> **YOUR ASSIGNMENT**
Please repeat the data exactly. Any picture in it stays out.
══════════
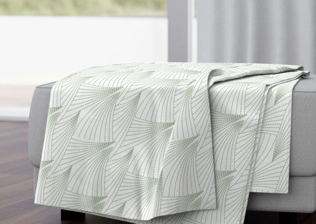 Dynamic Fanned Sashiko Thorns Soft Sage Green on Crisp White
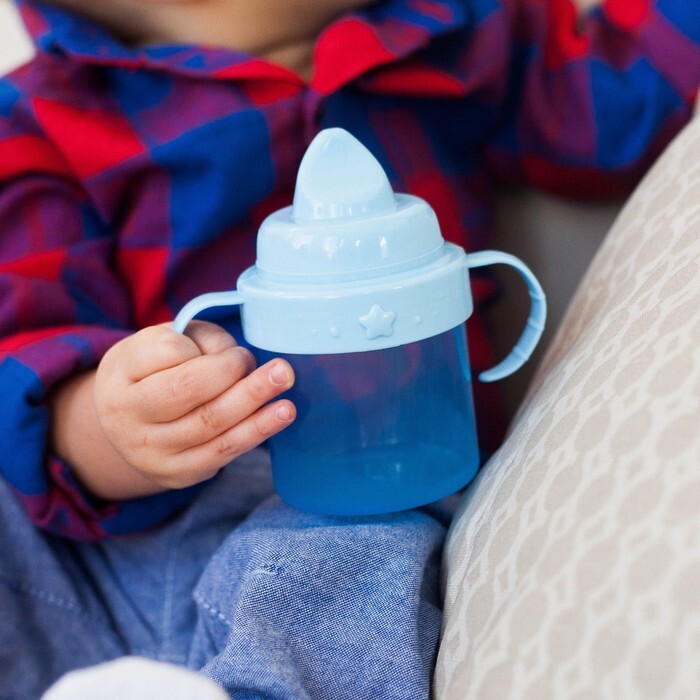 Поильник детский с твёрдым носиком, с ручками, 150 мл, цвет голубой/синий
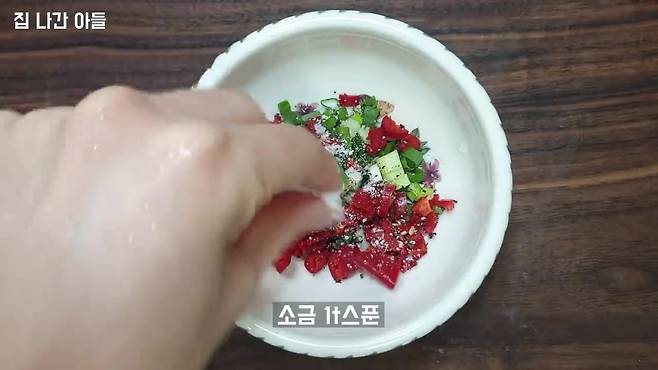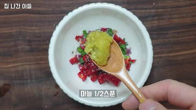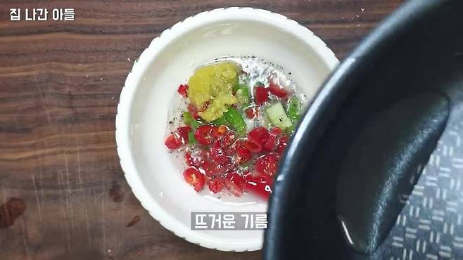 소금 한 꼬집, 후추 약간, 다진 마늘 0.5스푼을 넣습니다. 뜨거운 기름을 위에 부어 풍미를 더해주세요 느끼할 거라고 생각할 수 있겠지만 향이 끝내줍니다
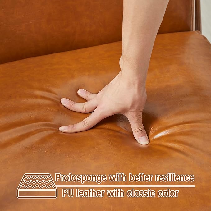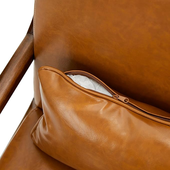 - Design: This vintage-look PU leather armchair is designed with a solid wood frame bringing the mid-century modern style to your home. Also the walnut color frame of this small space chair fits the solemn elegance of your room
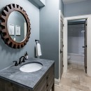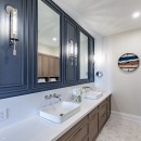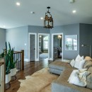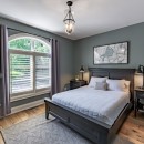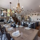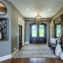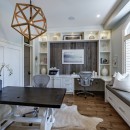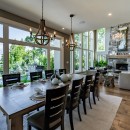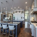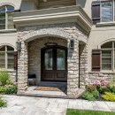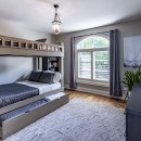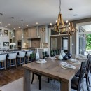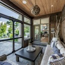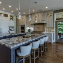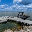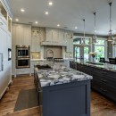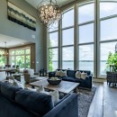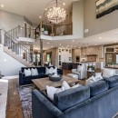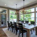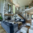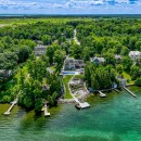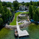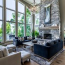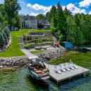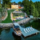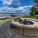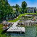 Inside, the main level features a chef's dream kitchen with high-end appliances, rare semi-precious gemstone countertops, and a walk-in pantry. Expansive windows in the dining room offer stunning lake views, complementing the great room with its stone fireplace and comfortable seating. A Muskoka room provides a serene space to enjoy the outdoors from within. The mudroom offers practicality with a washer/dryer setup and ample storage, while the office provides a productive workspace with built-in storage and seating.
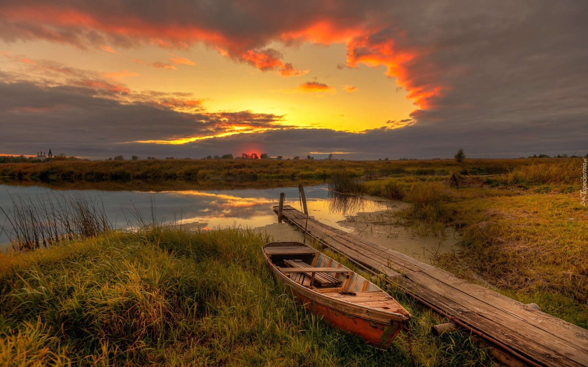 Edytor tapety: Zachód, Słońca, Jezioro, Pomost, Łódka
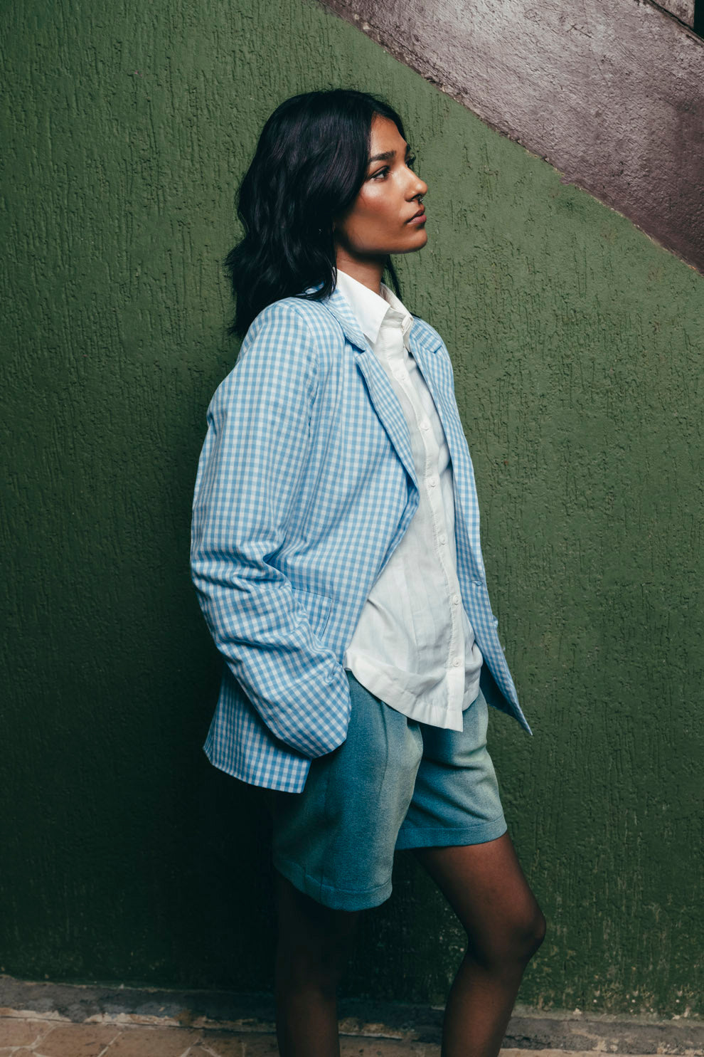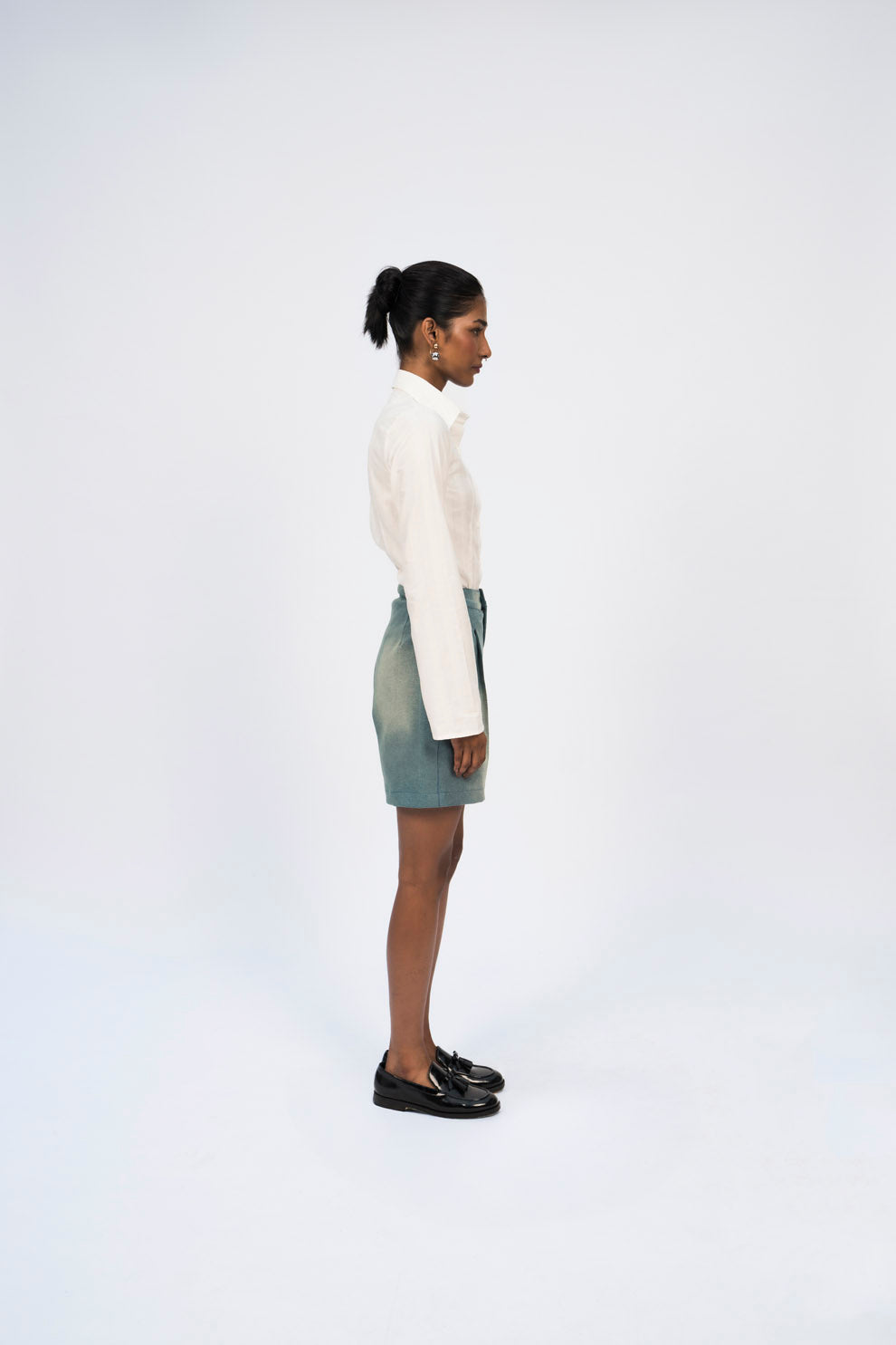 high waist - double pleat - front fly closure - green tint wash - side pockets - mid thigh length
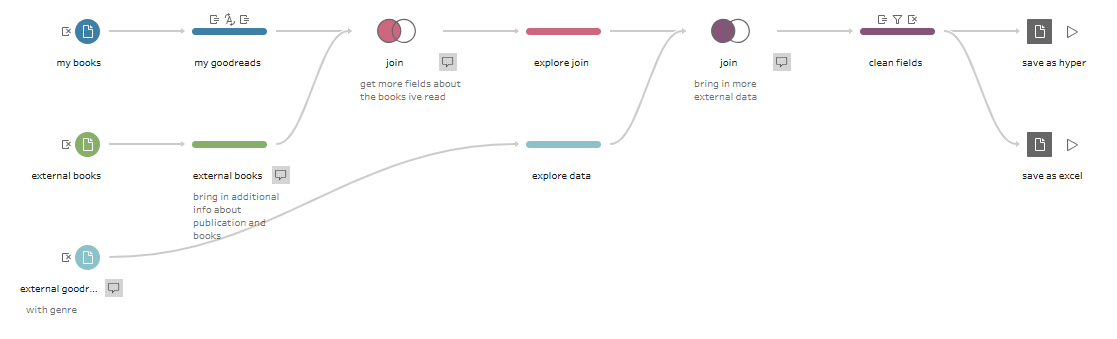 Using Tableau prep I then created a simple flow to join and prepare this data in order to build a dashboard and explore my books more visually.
══════════
> **SOLUTION**
 Dynamic Fanned Sashiko Thorns Soft Sage Green on Crisp White
 Поильник детский с твёрдым носиком, с ручками, 150 мл, цвет голубой/синий
 소금 한 꼬집, 후추 약간, 다진 마늘 0.5스푼을 넣습니다. 뜨거운 기름을 위에 부어 풍미를 더해주세요 느끼할 거라고 생각할 수 있겠지만 향이 끝내줍니다
 - Design: This vintage-look PU leather armchair is designed with a solid wood frame bringing the mid-century modern style to your home. Also the walnut color frame of this small space chair fits the solemn elegance of your room
 Inside, the main level features a chef's dream kitchen with high-end appliances, rare semi-precious gemstone countertops, and a walk-in pantry. Expansive windows in the dining room offer stunning lake views, complementing the great room with its stone fireplace and comfortable seating. A Muskoka room provides a serene space to enjoy the outdoors from within. The mudroom offers practicality with a washer/dryer setup and ample storage, while the office provides a productive workspace with built-in storage and seating.
 Edytor tapety: Zachód, Słońca, Jezioro, Pomost, Łódka
 high waist - double pleat - front fly closure - green tint wash - side pockets - mid thigh length
 Using Tableau prep I then created a simple flow to join and prepare this data in order to build a dashboard and explore my books more visually.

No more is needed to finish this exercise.